Miodrag V. Zdujić1, Slobodan D. Petrović2,
Nataša V. Valentić2, Dušan Ž. Mijin2*

1Institute of Technical Sciences of the Serbian Academy of Sciences and Arts, Belgrade, Serbia, 2University of Belgrade,  Faculty of Technology and Metallurgy, Belgrade, Serbia

Scientific paper
ISSN 0351-9465, E-ISSN 2466-2585
UDC:661.77:662.2.035:66.091.3+
doi: 10.5937/zasmat1903229Z


Zastita Materijala 60 (3)
229 –  236  (2019)

On the synthesis of 3-cyano-6-hydroxy-4-methyl-2-pyridone at room temperature

Abstract

Milling of cyanoacetamide and acetoacetic ester as reactants, in the presence of KOH as the catalyst and ethanol as a viscous control agent (VCA) was performed in a planetary ball mill with the goal of investigating the effect of mechanochemical treatment for the synthesis of 3-cyano-6-hydroxy-4-methyl-2-pyridone at room temperature.
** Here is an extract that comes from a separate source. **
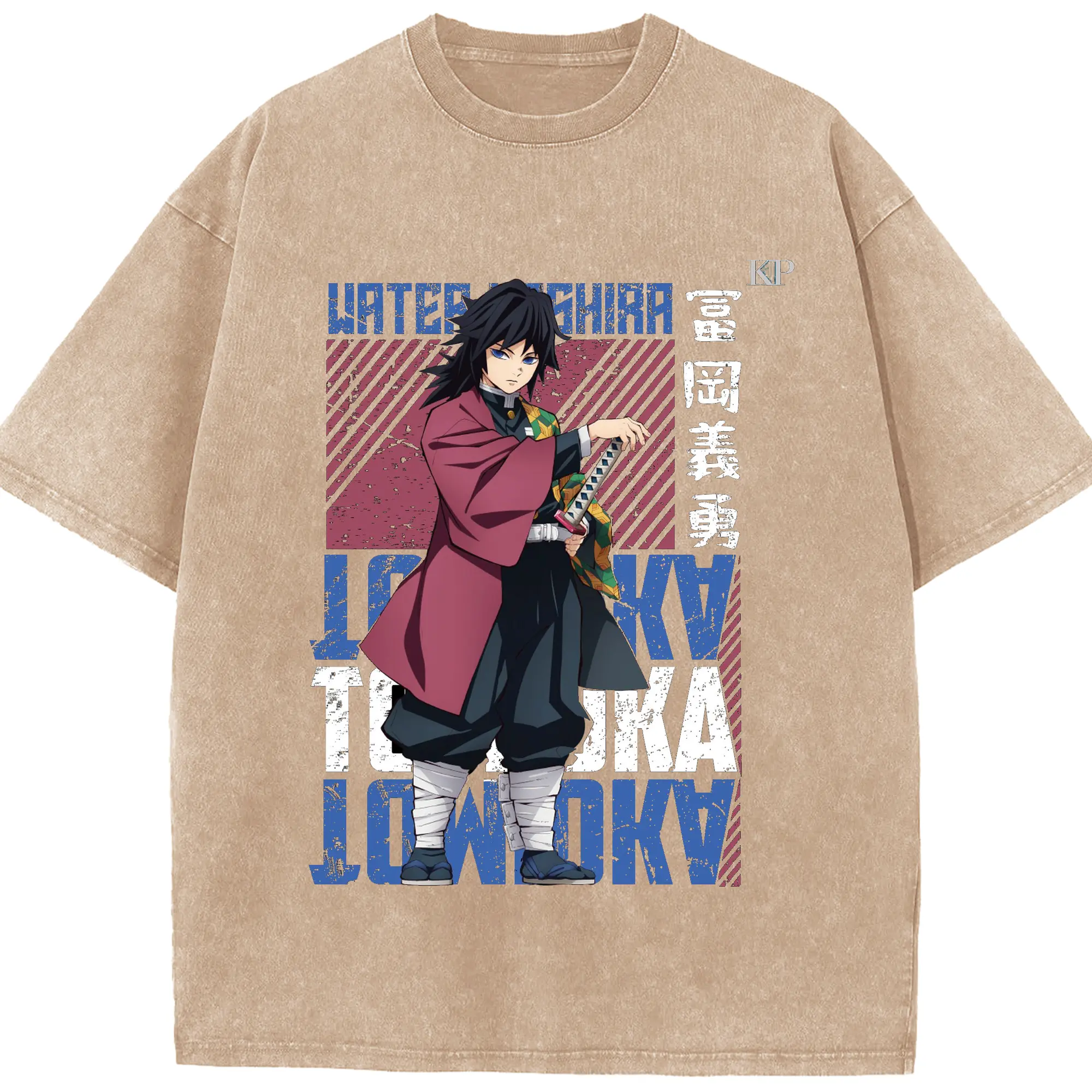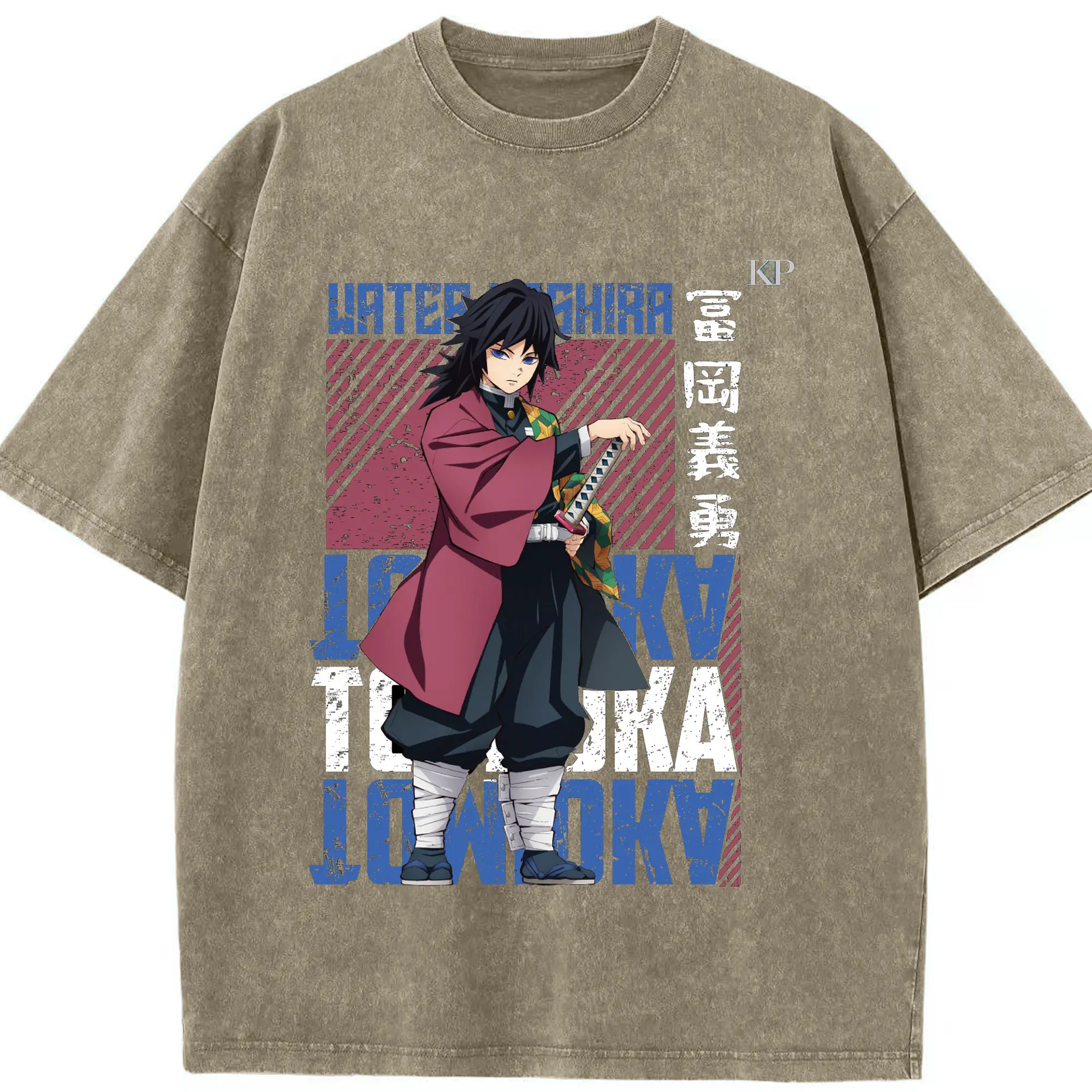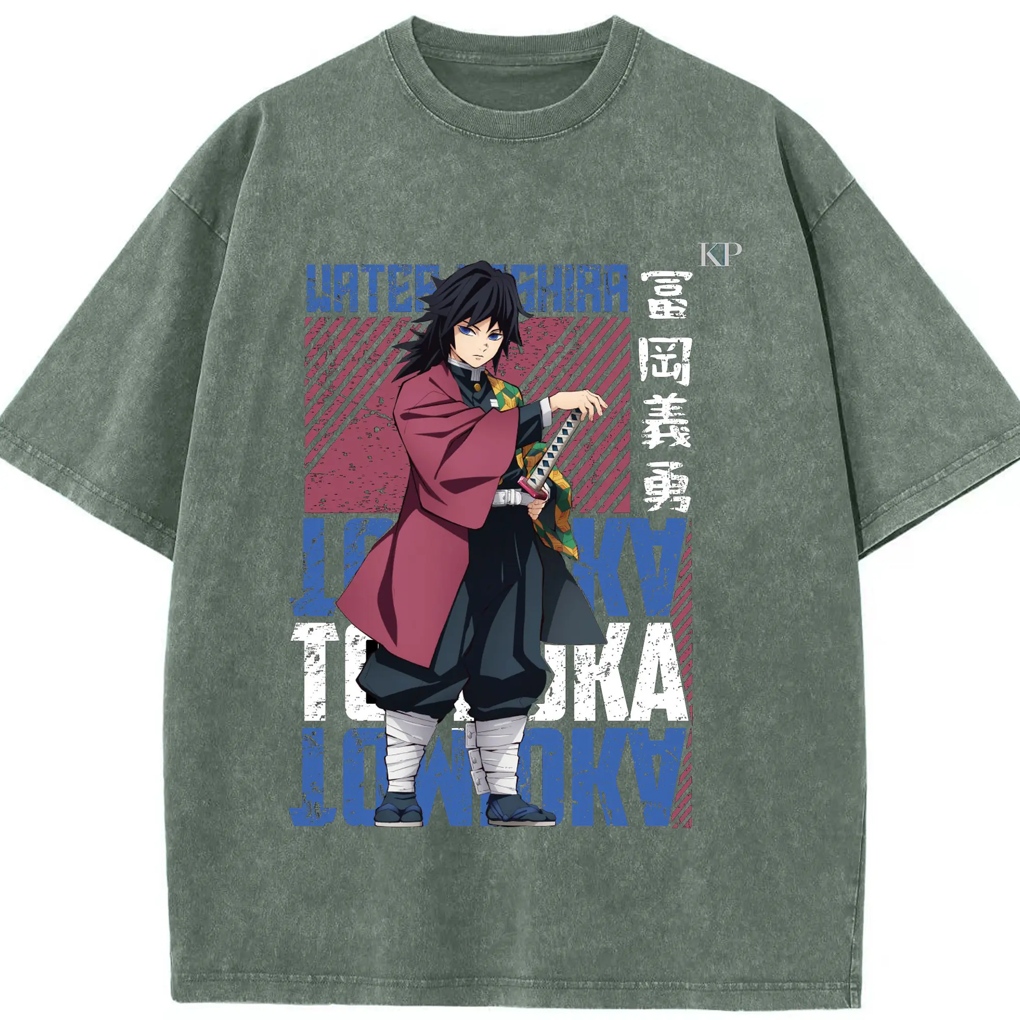 鬼滅の刃 冨岡義勇 - 綿100% ヴィンテージ風 半袖Tシャツ ・ フロントプリント ・ 柔らか肌触り ・ 通気性 快適 ・ スポーツ カジュアル 外出用

The mechanochemical synthesis was performed under various milling parameters, i.e. milling time up to 4 h, number and size of balls, angular velocity as well as molar ratio of reactants and the amount of catalyst. The obtained product was characterized by m.p., UV, IR and NMR data. It was fond that the dominant process parameter is the milling time while others are of less importance. The highest isolated yield after milling was up to 56%. The combination of milling and aging increase yield over 60%.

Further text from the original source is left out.